The Parable of the Absent Mother

Black & white photo of a bench on a grassy hill overlooking the ocean; a ghostly figure dressed in a hoodie & sneakers sits on the bench; text reads: "Luke 15:11-32, The Parable of the Absent Mother, 'Sometimes absence is my choice, and sometimes it's a choice forced upon me so that I walk upon the earth as a ghost."

I had the chance to participate in a pulpit swap this past Sunday. My Lutheran congregation occasionally trades pastors for a morning with the local Anglican church a few blocks north of us. It was a great chance to discover different liturgical perspectives as well as meet new folks.

The pericope, however, was the prodigal son — familiar to the point of contemptuous. What was I going to say about such a well-known & staunchly-interpreted words? We all know the backdrop by heart: a younger son wrongfully demands his portion of his father’s inheritance too early, squanders it with prostitutes no less, falls into starvation, hires himself out to work with pigs, and then finally sees the light, goes home, and is reinstated by his father.

This story has been beloved by mystic and consumer alike. Tampering with tradition is like playing with fire.

Only…I’ve found it harder and harder to see the father in this story as God.

Also…where’s the mom?

Kimberly Peeler-Ringer calls this story “The Parable of the Absent Mother”. All of this chaos could be tired to the absence of a mother-figure. Amy-Jill Levine and Luise Schottroff would concur, suggesting that the father figure in the story is not representative of God Almighty, but rather simply another broken human figure in the story who can’t say no to his petulant boy.

When we humanise the father and wonder at the absence of the mother, somehow the vindictive response of the elder son doesn’t seem so horrific. It seems rather predictable. After all, how would I response to a parent who lavishes material wealth twice over on one child while leaving me to work and responsibility? I’d be pretty pissed off.

Knowing that the Lukan script in this, The Lost Chapter, about angels in heaven rejoicing over repentant sinners was a later addition from redactors, we can be free to humanise the entire family. When we de-mystify these imperfect characters, we’re able to see our own selves in each person.

It’s a rather freeing process, seeing the invisible mother and the human father. Our own messed up families, with all of our systemic warts & smells, are reflected in this beautiful parable of busted up-ness.

There are days I’m the younger son, demanding and guilt-ridden at the same time.
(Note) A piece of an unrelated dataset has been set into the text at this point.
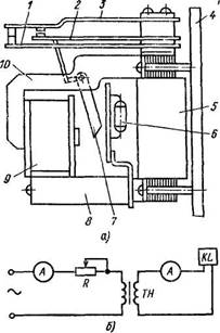 Рис. 11. Промежуточное реле РП-341: а — общий вид, б — схема регулировки, 1, 2 и 3 — контакты, 4 — основание, Б быстронасыщающийся трансформатор, 6—выпрямитель, 7 — ярмо, 8 — конденсатор, 9 — обмотка реле, 10 — сердечник, R — реостат, ТН — трансформатор нагрузочный, KL — реле
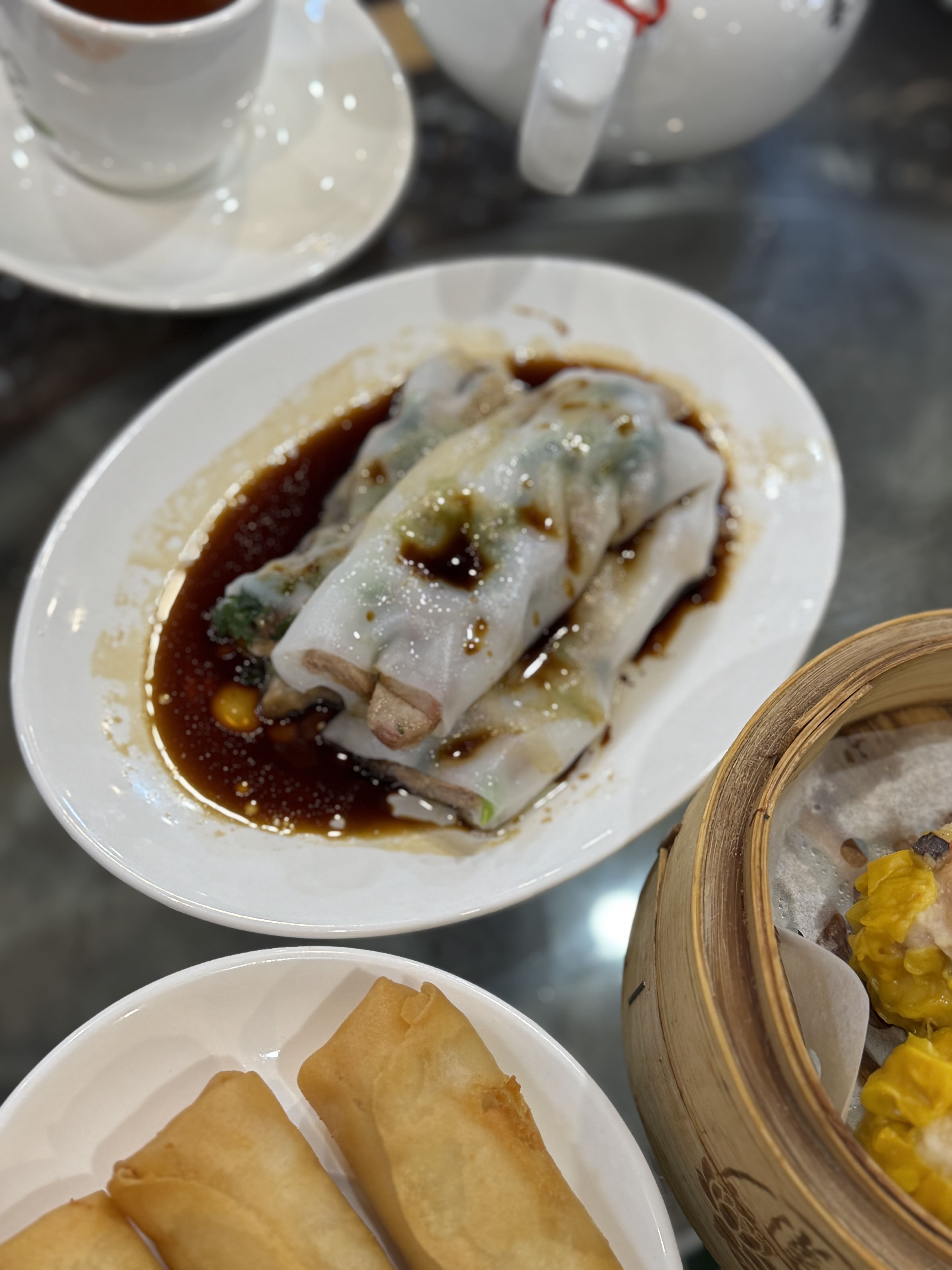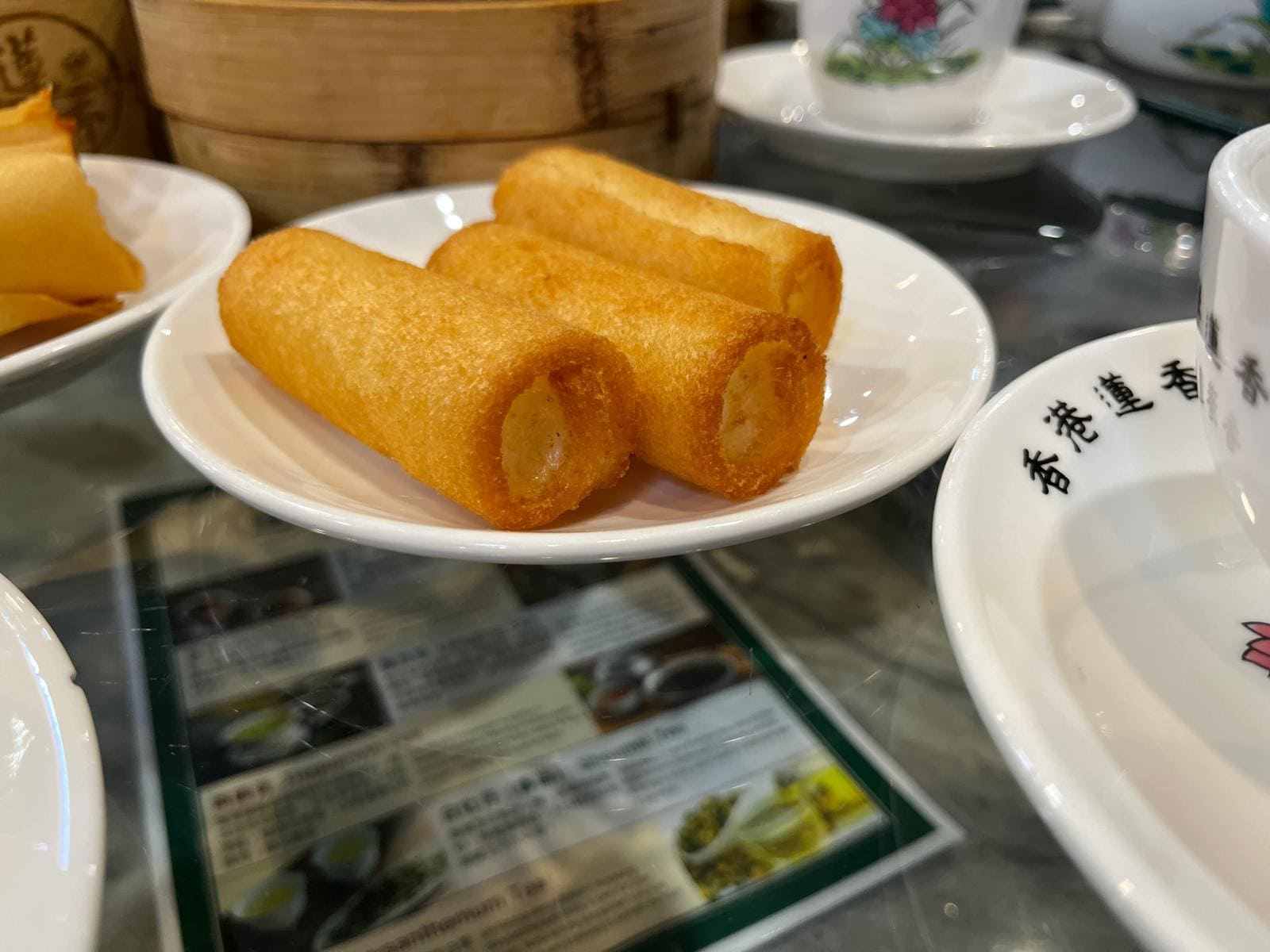 春巻きのような点心は通称「揚げミルク」。甘いミルク餡を衣につけてカラッと揚げた、熱々のデザート。

Sometimes, I’m the father trying to please everyone around me while forgetting about the ones closest to me who need love. Other times, I’m the eldest child, working hard to keep everything together but resentful of others attention and affection.

Some days, I’m the mother — erased, invisible, forgotten. Yet I’m the very person who’s presence & absence causes chaos in the lives of those around me. Sometimes absence is my choice, and sometimes it’s a choice forced upon me so that I walk upon the earth as a ghost.

And some days, I’m all of those messed up, emotional, reactionary characters all rolled into one.

No wonder we all are in need of being found.